K80 has two chips with 2496 cores each (13 * 192), AFAIK the chip doesn't have more, but I'm not sure. At least it shouln't be a GK110(b) like Tesla K20/K40, GTX 780 (Ti), GTX Titan (Black). [CODE]CUDA device info name Tesla K40m compute capability 3.5 max threads per block 1024 max shared memory per MP 49152 byte number of multiprocessors 15 CUDA cores per MP 192 CUDA cores - total 2880 [/CODE] vs. [CODE]CUDA device info name Tesla K80 compute capability 3.7 max threads per block 1024 max shared memory per MP 114688 byte number of multiprocessors 13 CUDA cores per MP 192 CUDA cores - total 2496 [/CODE] More shared memory and (not visible in mfaktc output) double amount of registers per multiprocessor. Shared memory is 64kiB - 16kiB = 48kiB for 3.5 and 128kiB - 16kiB = 112kiB for 3.7. So either they had those extra registers and shared memory unused all the time for other products or they really built a new chip just for Tesla K80. While chipmakers tend to built as few as possible chips this makes we wonder... AFAIK nvidia sells[LIST][*]lots of Geforces[*]some Quadros[*]very few Teslas[/LIST](relative numbers) And the new chip is a Kepler architecture, not Maxwell... I'm really curios! Oliver |
I extracted mfaktc 0.20 to a directory. As far as I can tell there is no need to recompile any source.
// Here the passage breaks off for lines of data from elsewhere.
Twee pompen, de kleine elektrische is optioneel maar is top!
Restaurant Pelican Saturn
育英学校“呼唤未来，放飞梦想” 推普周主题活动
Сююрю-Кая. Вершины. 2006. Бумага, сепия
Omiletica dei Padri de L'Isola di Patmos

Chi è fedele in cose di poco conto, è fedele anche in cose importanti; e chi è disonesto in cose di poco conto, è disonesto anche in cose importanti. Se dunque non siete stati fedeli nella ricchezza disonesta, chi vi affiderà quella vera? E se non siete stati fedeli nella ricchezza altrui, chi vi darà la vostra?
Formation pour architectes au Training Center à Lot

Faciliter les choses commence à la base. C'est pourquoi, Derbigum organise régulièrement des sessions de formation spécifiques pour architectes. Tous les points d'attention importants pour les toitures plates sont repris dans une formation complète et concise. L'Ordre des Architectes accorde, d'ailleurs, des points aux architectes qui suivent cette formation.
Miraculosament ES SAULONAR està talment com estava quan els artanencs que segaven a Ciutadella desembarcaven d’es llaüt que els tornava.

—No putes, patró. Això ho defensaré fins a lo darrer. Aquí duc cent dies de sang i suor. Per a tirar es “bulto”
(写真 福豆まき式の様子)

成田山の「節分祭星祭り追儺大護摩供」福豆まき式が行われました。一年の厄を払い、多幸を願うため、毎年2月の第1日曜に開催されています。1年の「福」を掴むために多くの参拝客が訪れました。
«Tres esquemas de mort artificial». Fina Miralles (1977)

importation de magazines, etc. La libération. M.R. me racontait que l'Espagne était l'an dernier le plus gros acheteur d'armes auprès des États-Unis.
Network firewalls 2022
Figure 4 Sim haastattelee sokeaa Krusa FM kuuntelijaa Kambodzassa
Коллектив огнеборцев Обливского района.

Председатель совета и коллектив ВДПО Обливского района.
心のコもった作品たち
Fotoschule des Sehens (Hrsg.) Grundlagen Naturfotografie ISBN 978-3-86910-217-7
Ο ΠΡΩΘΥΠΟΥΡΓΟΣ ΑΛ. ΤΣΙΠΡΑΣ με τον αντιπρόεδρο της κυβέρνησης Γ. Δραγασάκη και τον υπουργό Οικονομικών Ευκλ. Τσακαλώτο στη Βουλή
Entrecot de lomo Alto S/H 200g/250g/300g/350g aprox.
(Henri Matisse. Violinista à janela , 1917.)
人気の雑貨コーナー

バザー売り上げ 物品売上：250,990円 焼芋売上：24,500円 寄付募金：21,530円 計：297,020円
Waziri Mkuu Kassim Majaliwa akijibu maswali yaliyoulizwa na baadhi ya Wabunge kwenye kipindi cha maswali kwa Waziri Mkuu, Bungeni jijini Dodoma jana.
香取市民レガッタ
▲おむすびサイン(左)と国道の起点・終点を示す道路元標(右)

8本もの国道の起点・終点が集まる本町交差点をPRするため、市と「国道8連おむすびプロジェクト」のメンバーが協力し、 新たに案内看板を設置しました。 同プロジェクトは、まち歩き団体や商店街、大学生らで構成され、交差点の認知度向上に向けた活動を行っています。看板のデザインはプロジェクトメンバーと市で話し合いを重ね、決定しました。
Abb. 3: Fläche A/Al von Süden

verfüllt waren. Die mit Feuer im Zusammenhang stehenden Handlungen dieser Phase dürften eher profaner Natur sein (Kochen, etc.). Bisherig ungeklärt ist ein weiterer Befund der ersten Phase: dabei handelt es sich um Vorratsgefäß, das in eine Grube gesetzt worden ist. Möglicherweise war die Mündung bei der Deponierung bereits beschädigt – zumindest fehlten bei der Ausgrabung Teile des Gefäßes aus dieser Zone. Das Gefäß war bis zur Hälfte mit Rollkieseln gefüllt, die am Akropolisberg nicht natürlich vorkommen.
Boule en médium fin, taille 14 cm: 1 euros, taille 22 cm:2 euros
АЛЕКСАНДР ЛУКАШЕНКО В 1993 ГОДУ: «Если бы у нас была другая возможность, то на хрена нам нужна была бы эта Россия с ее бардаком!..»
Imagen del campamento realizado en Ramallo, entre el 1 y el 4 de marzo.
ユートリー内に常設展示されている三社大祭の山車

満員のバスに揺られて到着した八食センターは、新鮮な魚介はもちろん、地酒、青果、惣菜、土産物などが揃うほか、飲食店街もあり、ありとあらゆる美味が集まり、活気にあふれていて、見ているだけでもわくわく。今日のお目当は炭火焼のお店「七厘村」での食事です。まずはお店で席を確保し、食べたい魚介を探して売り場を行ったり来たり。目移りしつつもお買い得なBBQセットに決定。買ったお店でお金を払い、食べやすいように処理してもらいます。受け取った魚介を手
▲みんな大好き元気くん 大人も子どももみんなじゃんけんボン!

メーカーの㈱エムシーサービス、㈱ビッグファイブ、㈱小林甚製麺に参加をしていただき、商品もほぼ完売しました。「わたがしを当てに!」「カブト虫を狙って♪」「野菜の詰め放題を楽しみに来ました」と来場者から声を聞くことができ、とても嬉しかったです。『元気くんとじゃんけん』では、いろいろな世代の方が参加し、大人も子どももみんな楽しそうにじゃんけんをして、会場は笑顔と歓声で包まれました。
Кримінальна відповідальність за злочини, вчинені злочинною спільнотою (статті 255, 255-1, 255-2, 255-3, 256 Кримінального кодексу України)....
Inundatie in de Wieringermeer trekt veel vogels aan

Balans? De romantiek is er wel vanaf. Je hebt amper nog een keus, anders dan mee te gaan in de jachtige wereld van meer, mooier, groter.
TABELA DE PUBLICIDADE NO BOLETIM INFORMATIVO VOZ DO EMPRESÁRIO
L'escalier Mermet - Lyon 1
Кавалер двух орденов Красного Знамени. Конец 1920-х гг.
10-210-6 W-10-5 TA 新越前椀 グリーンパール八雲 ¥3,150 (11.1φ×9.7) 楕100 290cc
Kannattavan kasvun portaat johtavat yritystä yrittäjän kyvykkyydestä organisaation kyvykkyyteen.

If I enter
./mfaktc.exe -h it returns error while loading shared libraries: libcudart.so.4: cannot open shared object file: No such file or directory That file is in the subdirectory 'lib'. What is the advised way to proceed? |
[QUOTE=tha;393855]I extracted mfaktc 0.20 to a directory. As far as I can tell there is no need to recompile any source. If I enter
./mfaktc.exe -h it returns error while loading shared libraries: libcudart.so.4: cannot open shared object file: No such file or directory That file is in the subdirectory 'lib'. What is the advised way to proceed?[/QUOTE] try running sudo ldconfig if that fails, make sure that libcudart.so.4 is found in one of the directories listed in the files under /etc/ld.so.conf.d and if not add the missing directory, and then run sudo ldconfig again. |
tha:
[CODE]LD_LIBRARY_PATH="./lib/" ./mfaktc.exe -h[/CODE] |
works like a charm.
|
- What does the -v(erbose) option do, I did not notice a difference between 0 and 1?
- How do I limit the output to say once per 20% progress instead of 0,1%? |
[QUOTE=TheJudger;393851]Compute Capability 3.[B][COLOR="Red"]7[/COLOR][/B] anyone? Seems I was right, Tesla K80 is 3.7. So K80 is not Titan Z?![/QUOTE]I've added some Tesla's to my [url=http://www.mersenne.ca/mfaktc.php]mfaktc performance chart[/url]. Assuming mfaktc performance is the same between Compute 3.5 and 3.7 K80 comes slightly ahead of Titan-Z for only 300% the price :smile:
Since you seem curious about it, [url=http://www.anandtech.com/show/8729]this article[/url] covers the K80 specifically. |
[QUOTE=tha;393867]- What does the -v(erbose) option do, I did not notice a difference between 0 and 1?[/QUOTE]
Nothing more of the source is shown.